### Required work
Using the data below, reproduce exactly the lines from the line with "スタッフブログ 2026.03.31 2026年4月の営業日" to the line with "PP鸭图片压缩工具,支持 JPG、PNG 和", both included; pictures must be dropped.

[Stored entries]
::::

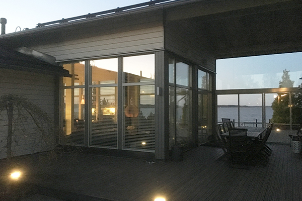 Näiden tilojen välissä on katettu terassi, jonka voi sulkea merelle päin lasisilla liukuovilla, tässä osassa terassia on ruokapöytä 10-12 hengelle sekä kaasugrilli. Takapihalla on katetulla terassilla kylpytynnyri, sekä laituri ja uimaportaat. Etupihalla autokatos kahdelle autolle, lisäksi sivupihalla paikka kahdelle autolle.
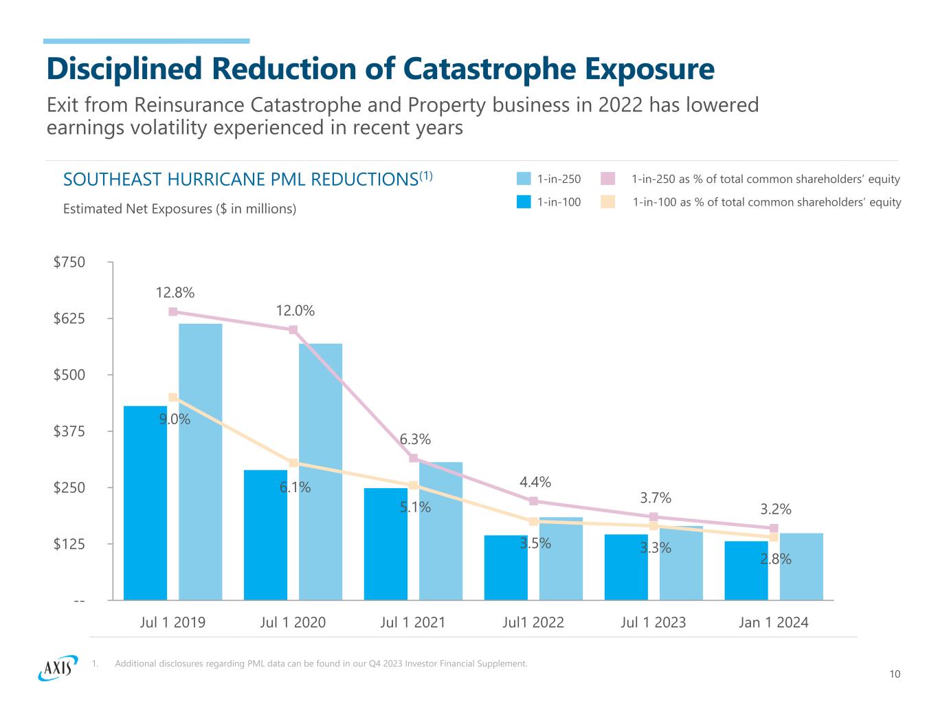 9 GPW AND COMBINED RATIO ($ in billions) Combined ratio, all lines as reported Reinsurance Property Cat GPW All other GPW, ex-Property Cat Re ✓ Gross Premiums Written grew to $8.4 billion, representing the highest annual production in company history ✓ Insurance segment generated record quarterly production every quarter of 2023, with premiums increasing 17% year-over-year when excluding professional lines 2023 PRODUCTION HIGHLIGHTS Acting on Growth Opportunities Achieving record growth by continuing to seize opportunities in attractive markets 1. “Ex-Property Cat Re” include all Insurance lines of business and Reinsurance Liability, Accident & Health, Professional Lines, Credit & Surety, Motor, Agriculture, Marine & Aviation and Engineering Lines of business, i.e. exited Property and Catastrophe lines of business are excluded. For additional information, refer to Q4 2023 Investor Financial Supplement. 2. The combined ratio in 2020 includes $360 million, or 8.2 points attributable to the COVID-19 pandemic losses, net of reinsurance and reinstatement premiums. (2) $6.8 $7.7 $8.2 $8.4 109.6% 97.5% 95.8% 99.9% 80.0% 95.0% 110.0% 125.0% FY2020 FY2021 FY2022 FY2023 (1) Includes 8.1% of prior year development
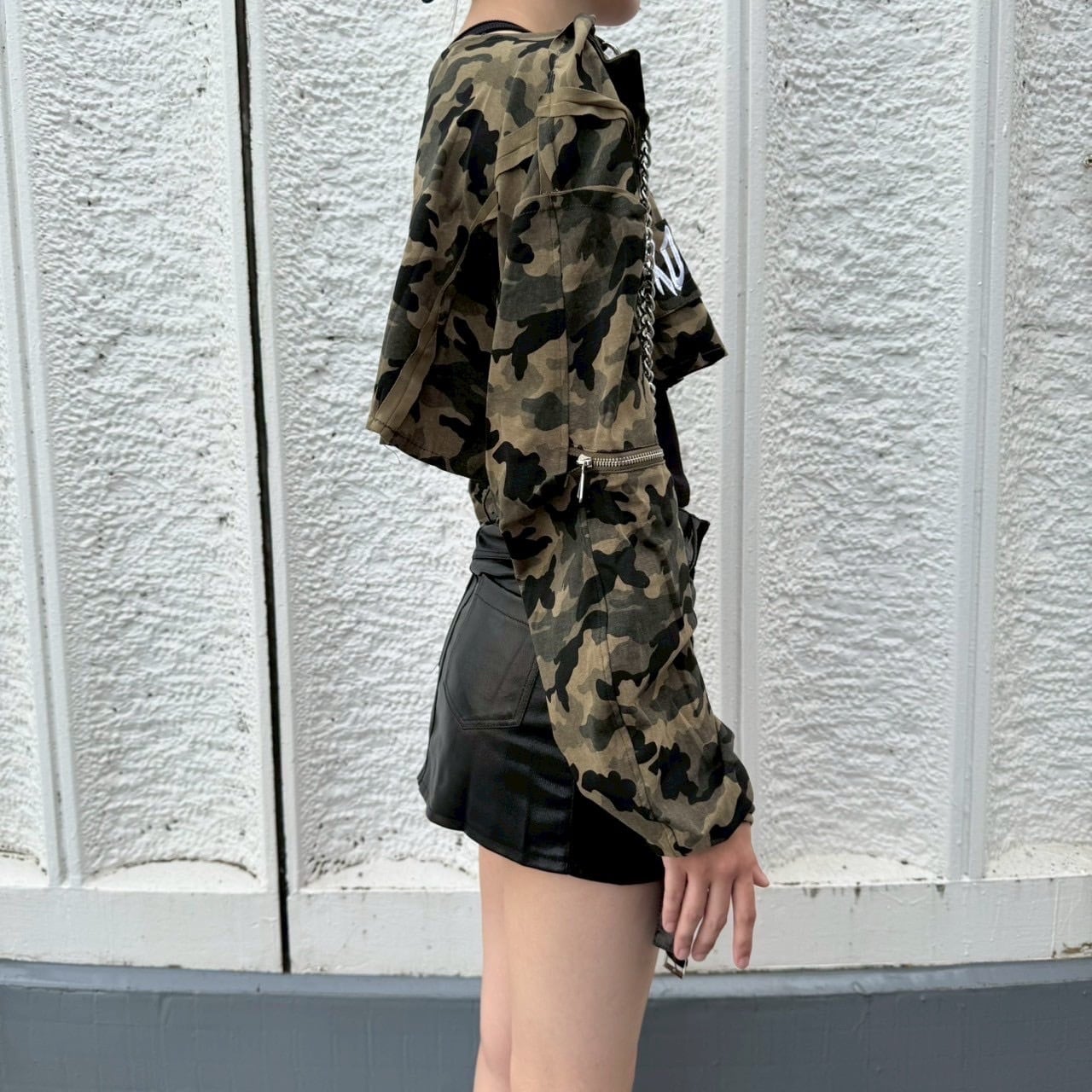 BARCON 迷彩クロップド丈トップス グランジ Y2K
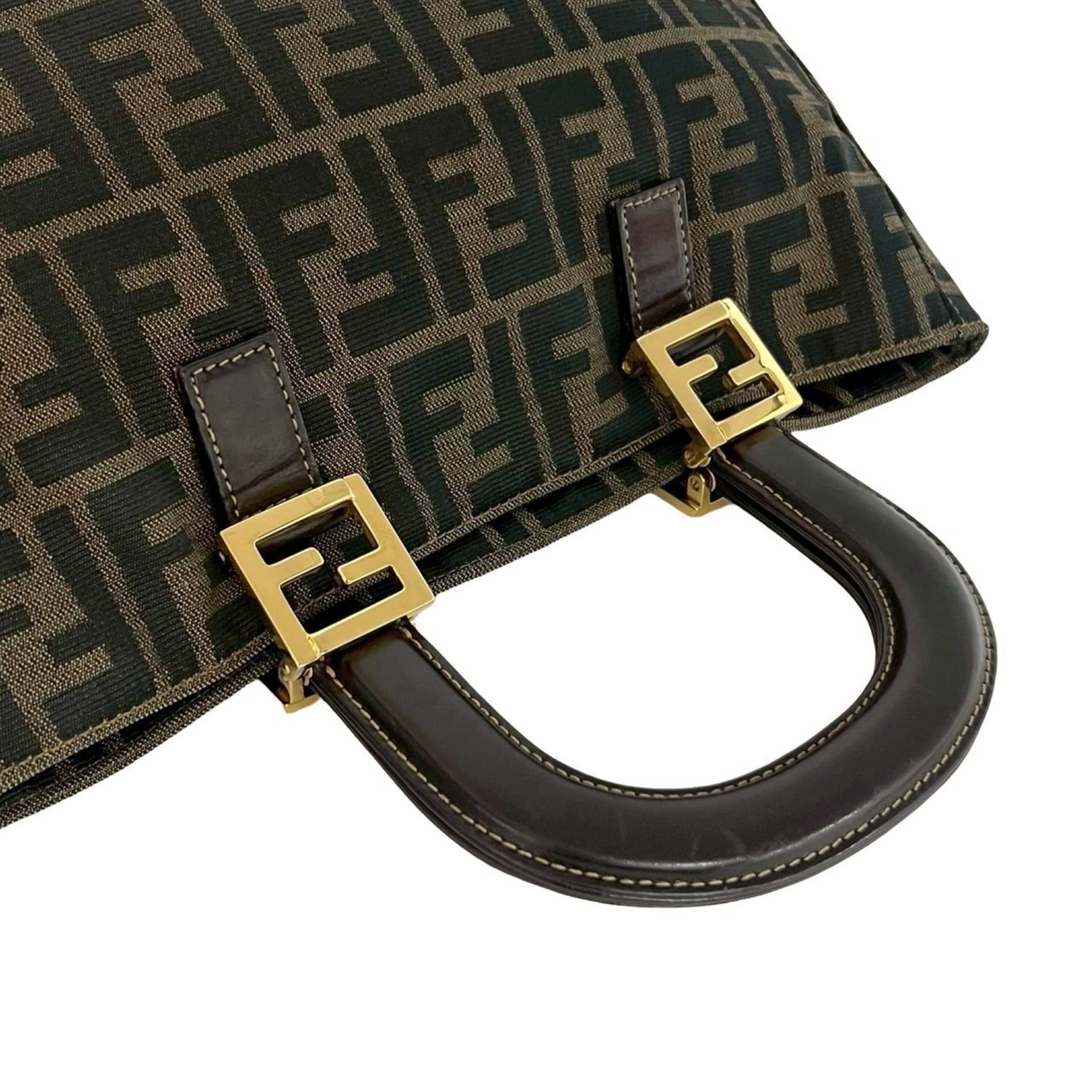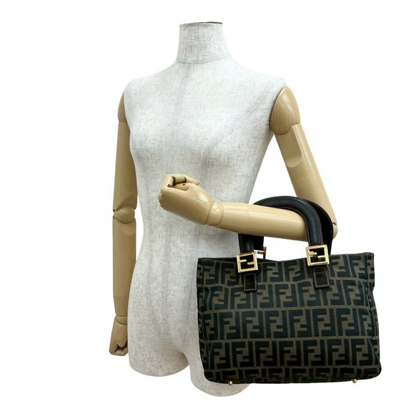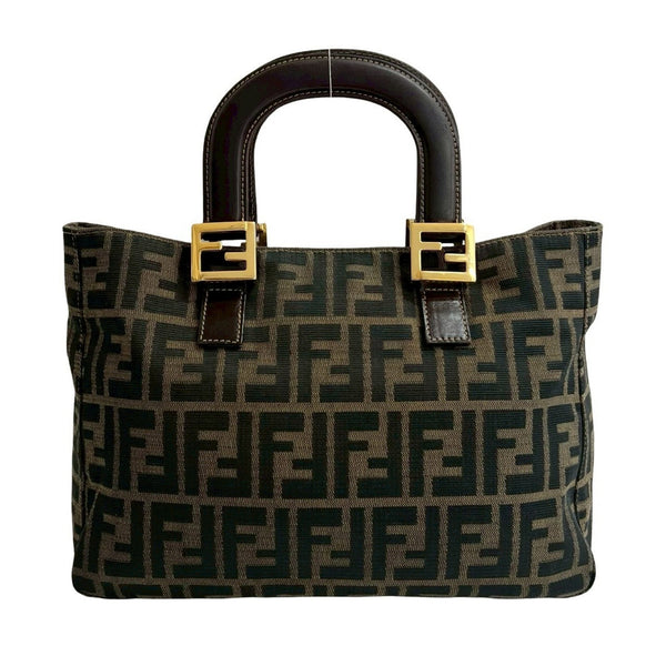 FENDI Zucca FF pattern logo metal hardware canvas and leather handbag mini tote bag brown black 19151
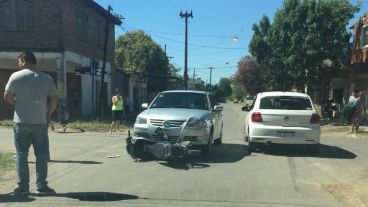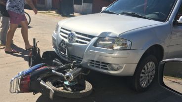 Dos motociclistas resultaron heridos, con fracturas en sus piernas, al colisionar este jueves con un auto en una esquina de la zona oeste de Rosario.
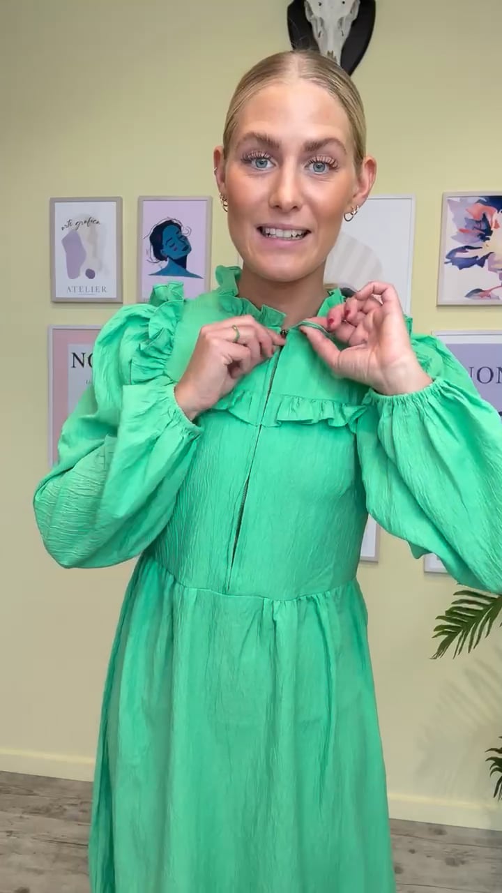 En rigtig sød kjole fra Pieces i den flotteste grønne nuance. Kjolen er rummeli med flæsedetaljer og en lang zip lynlås foran. Den er lavet i et crepet materiale der heller ikke krøller særlig meget - hvilket vi virkelig elsker her hos Lykke by Lykke.
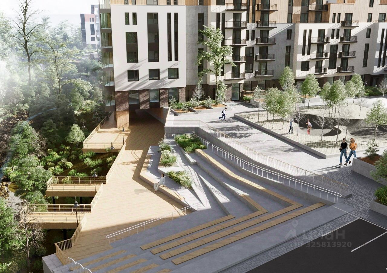 Проект отличается продуманным ландшафтом и общественными пространствами: •собственная набережная вдоль реки •амфитеатр и видовые площадки •свободный Wi-Fi по всей территории •большое количество зон отдыха и детских площадок.
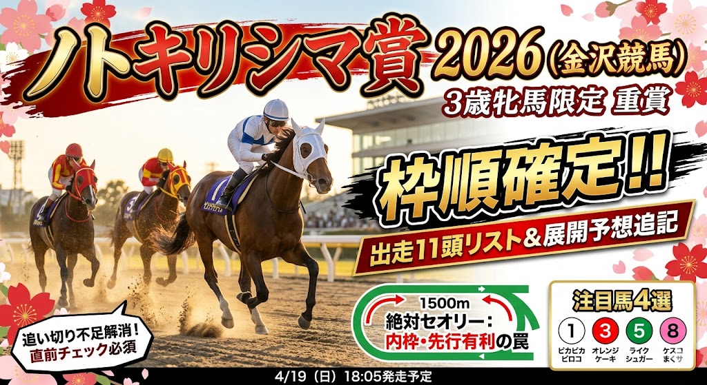最終更新日:2026年4月16日(※4月19日開催「ノトキリシマ賞2026」の確定した枠順・出走馬11頭のリストと、金沢ダート1500mの「絶対的セオリー」を深く掘り下げて追記しました)
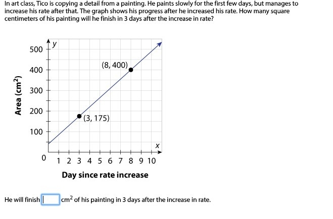 After 3 days at this rate, he'll have 175 cm^2 completed.
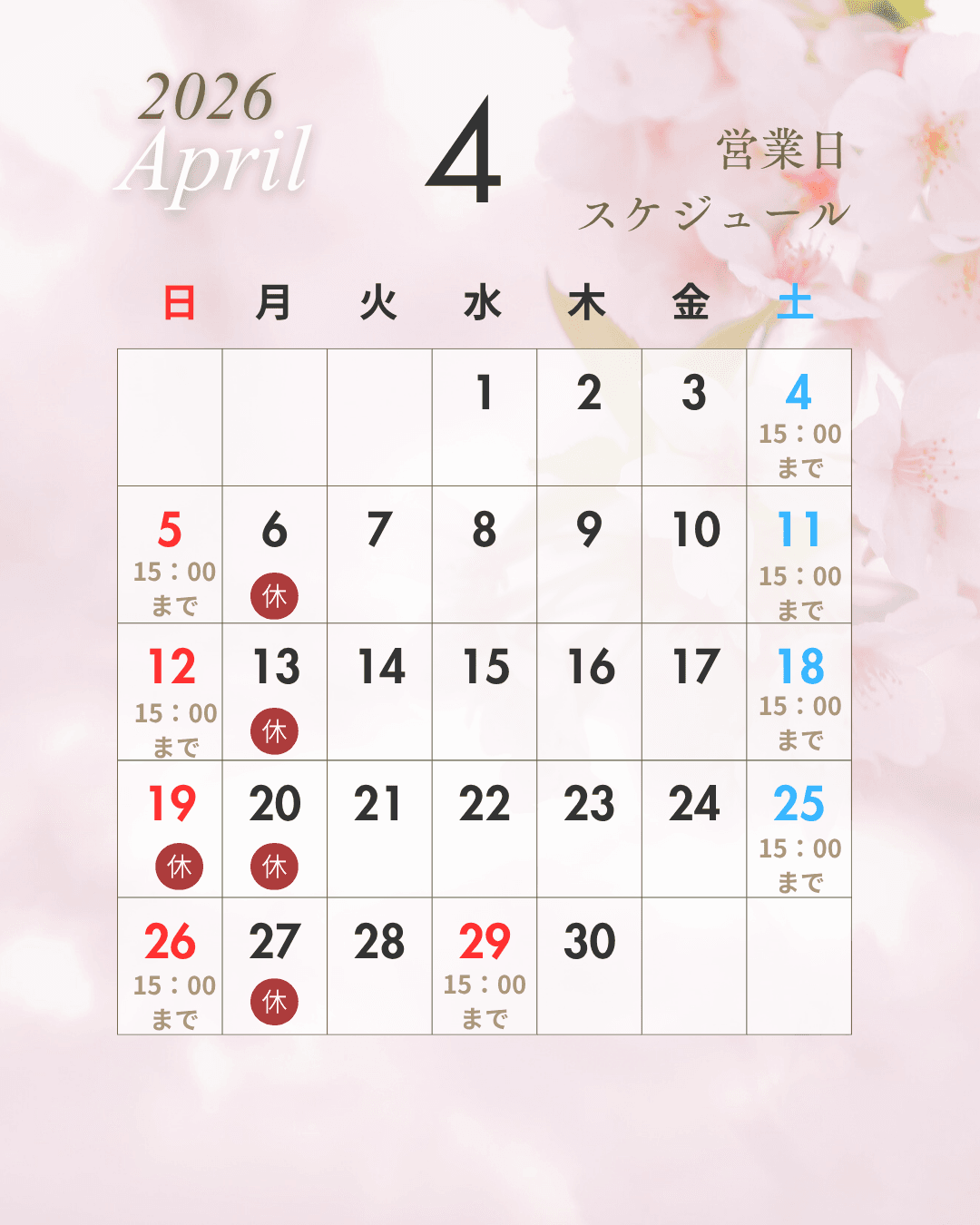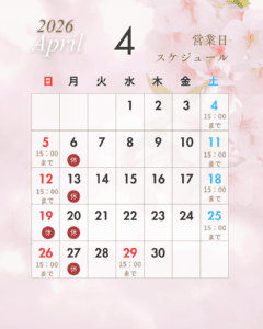 スタッフブログ 2026.03.31 2026年4月の営業日 最近はだいぶ暖かくなってきましたが 朝晩の寒暖差が激しい日もあります。 体調管理はしっかりとケアしましょう。 記事のタイトルとURLをコピーする Post Share Hatena Line RSS feedly Pin it note 春に増える胃腸トラブル…東洋医学でやさしく整えるケア 前の記事
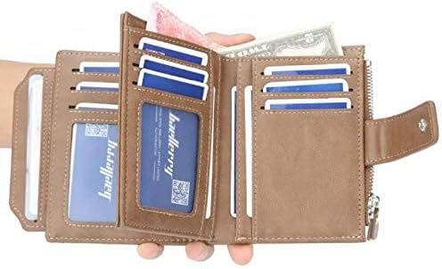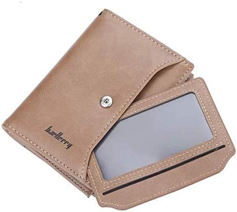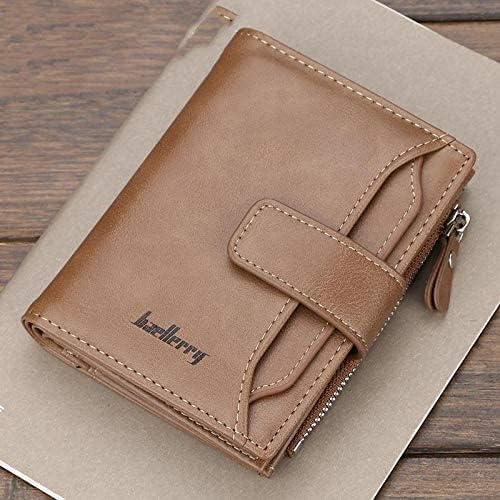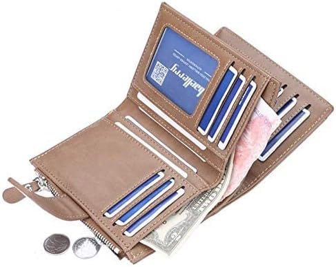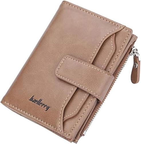 Generic - محفظة جلدية للرجال، لون بيج، تصميم عصري مع سحاب، حافظة بطاقات متعددة الجيوب
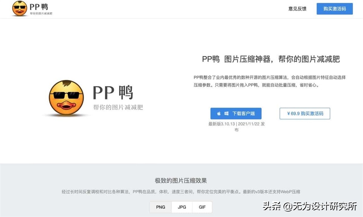 PP鸭图片压缩工具,支持 JPG、PNG 和 GIF 三种常见格式,利用该软件的算法,自动完成图片压缩任务,且在保证图片质量下有效降低图片大小。这个软件适用于 Windows 及 Mac OSX 两大平台,免费版会有使用限制,付费购买注册码可解除限制。
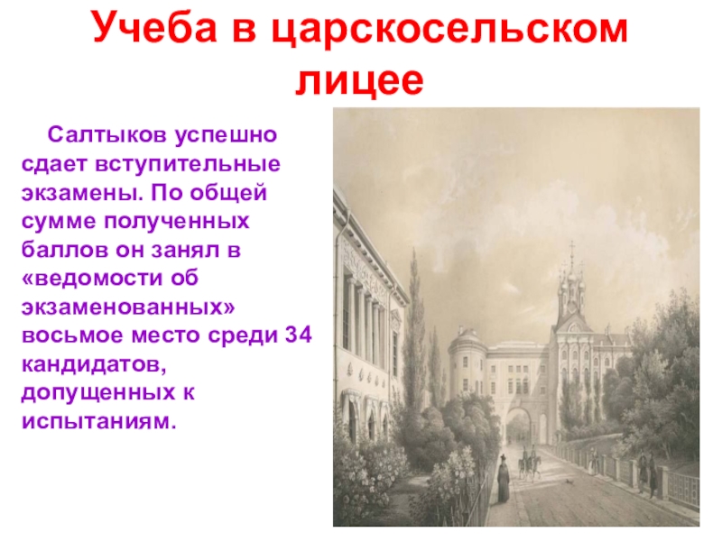 экзамены. По общей сумме полученных баллов он занял в «ведомости об экзаменованных» восьмое место среди 34 кандидатов, допущенных к испытаниям.

::::

### Task output
 スタッフブログ 2026.03.31 2026年4月の営業日 最近はだいぶ暖かくなってきましたが 朝晩の寒暖差が激しい日もあります。 体調管理はしっかりとケアしましょう。 記事のタイトルとURLをコピーする Post Share Hatena Line RSS feedly Pin it note 春に増える胃腸トラブル…東洋医学でやさしく整えるケア 前の記事
 Generic - محفظة جلدية للرجال، لون بيج، تصميم عصري مع سحاب، حافظة بطاقات متعددة الجيوب
 PP鸭图片压缩工具,支持 JPG、PNG 和 GIF 三种常见格式,利用该软件的算法,自动完成图片压缩任务,且在保证图片质量下有效降低图片大小。这个软件适用于 Windows 及 Mac OSX 两大平台,免费版会有使用限制,付费购买注册码可解除限制。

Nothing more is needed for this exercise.